- **GIVEN RECORDS**
● ● ● ● ●

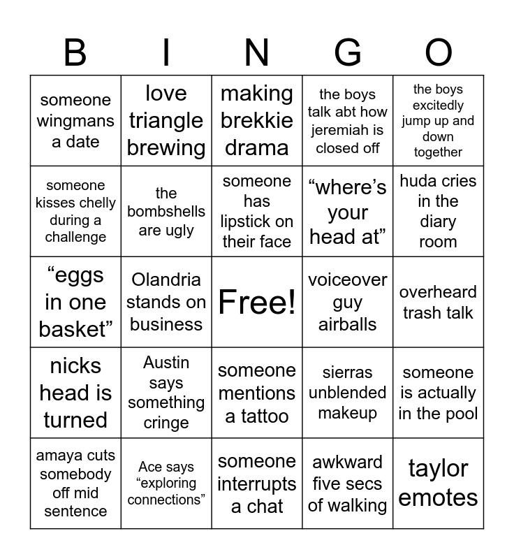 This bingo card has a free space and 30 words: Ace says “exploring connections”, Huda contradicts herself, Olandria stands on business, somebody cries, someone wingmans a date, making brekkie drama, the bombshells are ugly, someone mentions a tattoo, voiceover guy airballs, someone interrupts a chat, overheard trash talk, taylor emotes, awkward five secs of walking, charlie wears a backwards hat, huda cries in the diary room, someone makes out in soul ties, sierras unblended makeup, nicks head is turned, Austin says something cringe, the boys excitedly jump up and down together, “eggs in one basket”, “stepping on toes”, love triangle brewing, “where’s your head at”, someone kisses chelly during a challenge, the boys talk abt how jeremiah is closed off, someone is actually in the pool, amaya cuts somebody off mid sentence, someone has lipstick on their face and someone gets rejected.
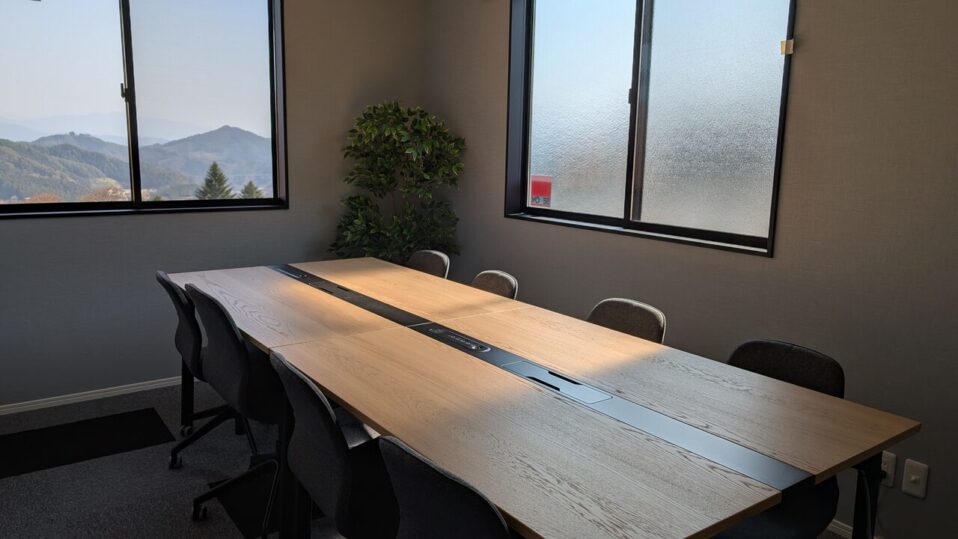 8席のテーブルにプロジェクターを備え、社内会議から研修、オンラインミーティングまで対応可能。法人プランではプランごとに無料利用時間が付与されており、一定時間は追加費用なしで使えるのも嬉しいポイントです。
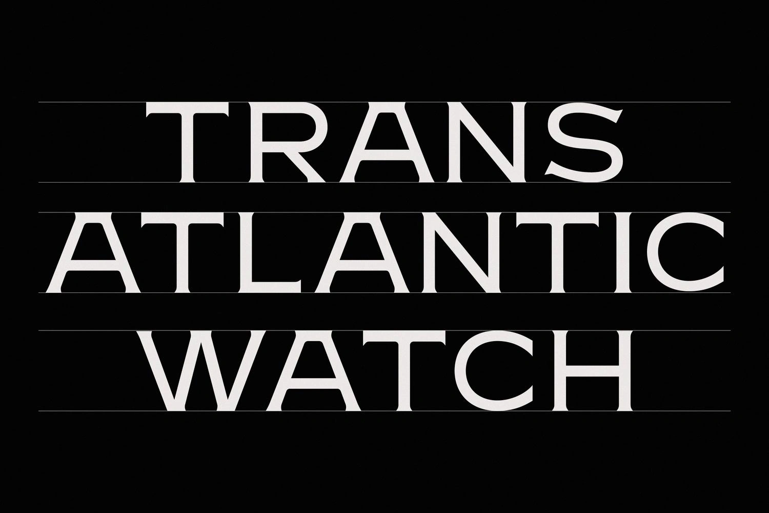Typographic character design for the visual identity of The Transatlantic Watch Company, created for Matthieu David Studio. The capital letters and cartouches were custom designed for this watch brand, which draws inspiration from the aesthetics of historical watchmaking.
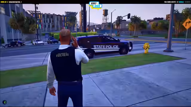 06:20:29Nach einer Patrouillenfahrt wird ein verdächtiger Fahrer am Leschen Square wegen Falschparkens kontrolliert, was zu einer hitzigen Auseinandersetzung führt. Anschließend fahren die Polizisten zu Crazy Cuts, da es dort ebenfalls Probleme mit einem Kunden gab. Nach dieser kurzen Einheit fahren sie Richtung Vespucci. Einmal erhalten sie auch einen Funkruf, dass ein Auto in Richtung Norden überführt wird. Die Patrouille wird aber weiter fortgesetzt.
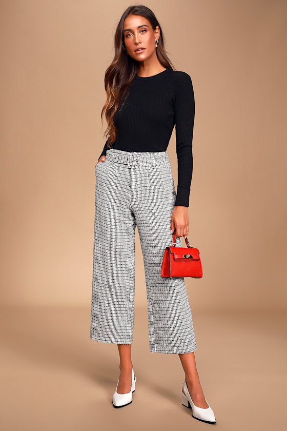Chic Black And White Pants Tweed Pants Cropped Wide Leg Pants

● ● ● ● ●

- **WHAT THE TASK REQUIRES**
Leave out the pictures and give the rest of the records again exactly.

- **ANSWER SPACE**
 This bingo card has a free space and 30 words: Ace says “exploring connections”, Huda contradicts herself, Olandria stands on business, somebody cries, someone wingmans a date, making brekkie drama, the bombshells are ugly, someone mentions a tattoo, voiceover guy airballs, someone interrupts a chat, overheard trash talk, taylor emotes, awkward five secs of walking, charlie wears a backwards hat, huda cries in the diary room, someone makes out in soul ties, sierras unblended makeup, nicks head is turned, Austin says something cringe, the boys excitedly jump up and down together, “eggs in one basket”, “stepping on toes”, love triangle brewing, “where’s your head at”, someone kisses chelly during a challenge, the boys talk abt how jeremiah is closed off, someone is actually in the pool, amaya cuts somebody off mid sentence, someone has lipstick on their face and someone gets rejected.
 8席のテーブルにプロジェクターを備え、社内会議から研修、オンラインミーティングまで対応可能。法人プランではプランごとに無料利用時間が付与されており、一定時間は追加費用なしで使えるのも嬉しいポイントです。
Typographic character design for the visual identity of The Transatlantic Watch Company, created for Matthieu David Studio. The capital letters and cartouches were custom designed for this watch brand, which draws inspiration from the aesthetics of historical watchmaking.
 06:20:29Nach einer Patrouillenfahrt wird ein verdächtiger Fahrer am Leschen Square wegen Falschparkens kontrolliert, was zu einer hitzigen Auseinandersetzung führt. Anschließend fahren die Polizisten zu Crazy Cuts, da es dort ebenfalls Probleme mit einem Kunden gab. Nach dieser kurzen Einheit fahren sie Richtung Vespucci. Einmal erhalten sie auch einen Funkruf, dass ein Auto in Richtung Norden überführt wird. Die Patrouille wird aber weiter fortgesetzt.
Chic Black And White Pants Tweed Pants Cropped Wide Leg Pants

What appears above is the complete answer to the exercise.